Перейти на страницу:

Знали, знали репортеры-молодцы, чего ждет от них читатель в сибирской глуши, и какие описания, какие шикарные картины выходили из-под их пера! Взлетная дорожка с горкой для трансполярного броска «АНТ-25» подавалась в газетном отчете так, что был виден «тонкий просвет между узким днищем перегруженного самолета и частоколом изгороди, за которой щиплет травку беспечное стадо». Алексею такие описания нравились, иногда он их с удовольствием пересказывал. А репортаж о рейсе из Кенигсберга с тремя пассажирами на борту?.. Весть о том, что самолет благополучно прошел Великие Луки и приближался к Москве, «волнением и нетерпеливой радостью брызнула по телефонным проводам красной столицы. Внезапно, без предупреждения, этапным порядком по воздуху… это похоже на фашистскую манеру обращения с арестованными. Но вдруг не они? Или они, но в последний момент случится что-нибудь страшное?.. Если бы знать на два, на три часа раньше, — здесь собрались бы сотни тысяч московских рабочих… Вдруг откуда-то из темноты многоголосый шум, радостный, звенящий оркестровый марш… это рабочие соседних с аэродромом заводов, чудом узнав о волнующей вести, буквально в несколько минут собрались тысячными колоннами и с оркестром, со знаменем шагают сюда… Первым по-хозяйски открывает дверцу самолета начальник авиации.
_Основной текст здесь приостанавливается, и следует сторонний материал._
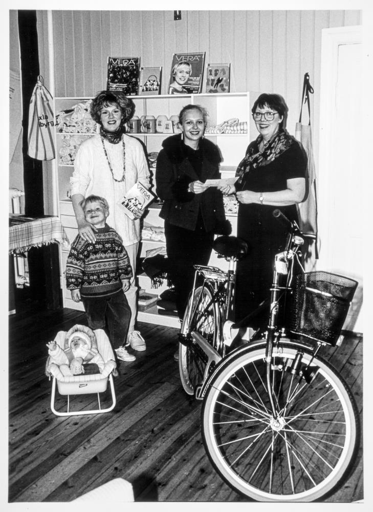 Vera - Happdrætti 1994. Kona afhendir tveimur konum vinninga. Strákur og ungabarn.

Зато вторым – пусть вторым! — можно схватить, обнять и прижаться губами к холодным щекам живого, настоящего, спасенного из фашистского ада усталого, но улыбающегося Димитрова…». Алексей глотал эти строки, упивался ими: внезапно, по воздуху… вдруг случится? Авиация представала здесь в глазах миллионов в своем высоком, гуманном назначении, искупая и оправдывая жертвы, понесенные ради нее человечеством: она служила делу справедливости, защищала его и спасала. А стойкий антифашист, герой Лейпцига Георгий Димитров, которому авиация так услужила, был тем, кто в двадцать первом году поднял рабочих Болгарии на помощь голодающим Поволжья…
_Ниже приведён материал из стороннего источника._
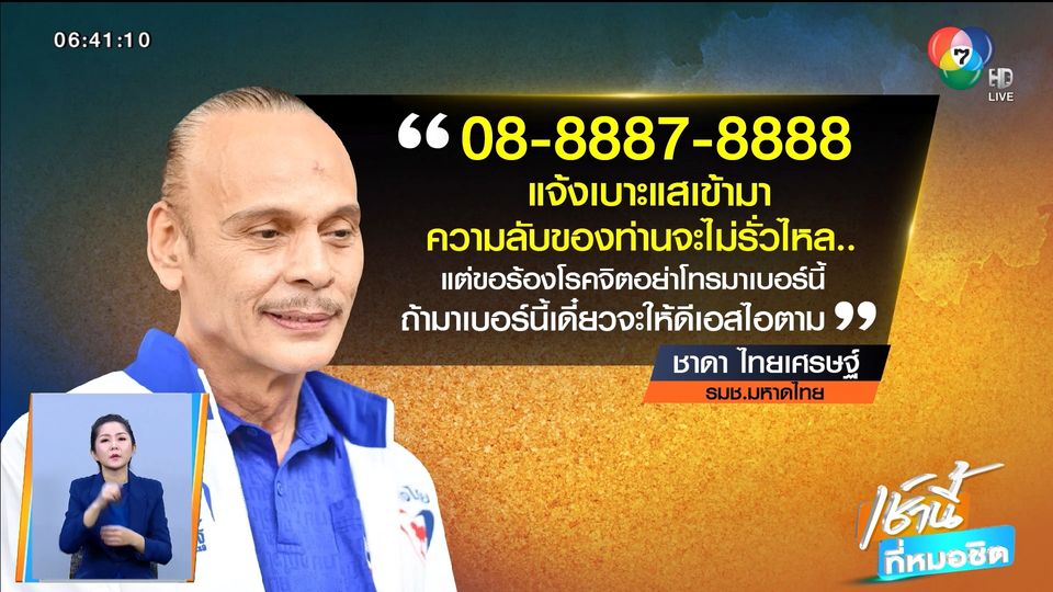 ชาดา ลั่น มาเฟียอยู่ไม่สุขแน่ แจกเบอร์ส่วนตัวให้ ปชช.แจ้งเบาะแส

И как же подосадовал Горов, когда в день посещения ЦА товарищем Сталиным на аэродроме не оказалось автора этого репортажа, влюбленного в революцию и революционеров, знающего толк в летных делах! Другие писали как-то сухо, уведомительно: осматривал образцы, беседовал с конструкторами. Был дан снимок: товарищ Сталин в белой фуражке и темном, развеваемом ветром плаще здоровается с Валерием Чкаловым. Дружески придерживает его за локоть: «Ваша жизнь дороже нам любой машины…» Вместе с заботливыми словами имя заводского испытателя разнеслось с ЦА по стране…

Конечно, большей известностью, чем ЦА, пользуется Тушино, центральная арена всех авиационных празднеств. Тушино доступно, открыто, лучше подходит для народных гуляний и зрелищ, однако проводы папанинской экспедиции узким кругом лиц происходили на ЦА. Тут другая атмосфера, свои обычаи, свои порядки… Можно сказать, что здесь судьба военной авиации сплелась с магистральным курсом пореволюционной России. Когда Горов поступил в училище, прославленный испытатель ЦА Чкалов с товарищами открывал воздушный парад над Москвой, а по выходе из училища, уже на Востоке, слушая первомайское радио с Красной площади, Алексей следил за пролетом лучших летчиков РККА под командой Анатолия Серова – вдоль стрелы Ленинградского шоссе, на сияющие купола Василия Блаженного…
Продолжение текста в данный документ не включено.